- Raw data

***

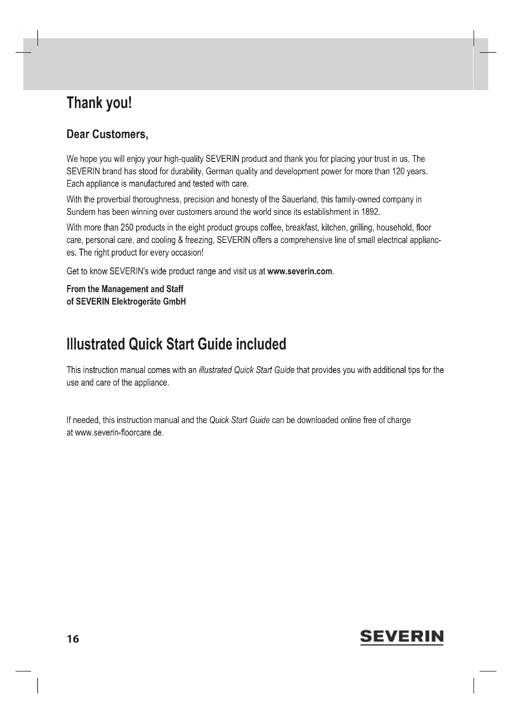 If needed, this instruction manual and the Quick Start Guide can be downloaded online free of charge at www.severin-floorcare.de.
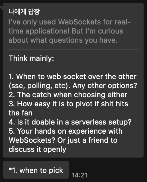 WebSocket을 사용한 실무 경험이 있는가? 아니면 그냥 이런 주제를 편하게 이야기할 친구가 필요한가?
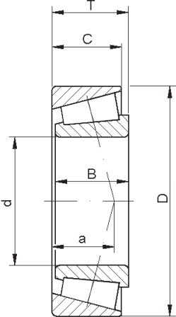 В таблице ниже перечислены размеры и характеристики однорядных конических роликовых подшипников.
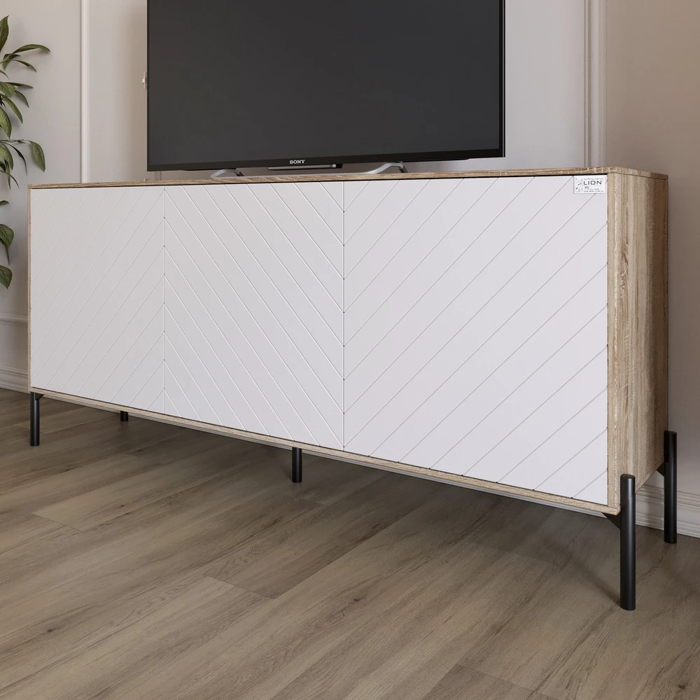 Тумба під телевізор із чорними металевими ніжками LION Амарант 168x40x76,5 см Дуб сонома трюфель/Біл

***

- About this exercise
The lines needed are those from the one containing "WebSocket을 사용한 실무" through the end of the listing, given again word for word and without any picture.

- Answer area
 WebSocket을 사용한 실무 경험이 있는가? 아니면 그냥 이런 주제를 편하게 이야기할 친구가 필요한가?
 В таблице ниже перечислены размеры и характеристики однорядных конических роликовых подшипников.
 Тумба під телевізор із чорними металевими ніжками LION Амарант 168x40x76,5 см Дуб сонома трюфель/Біл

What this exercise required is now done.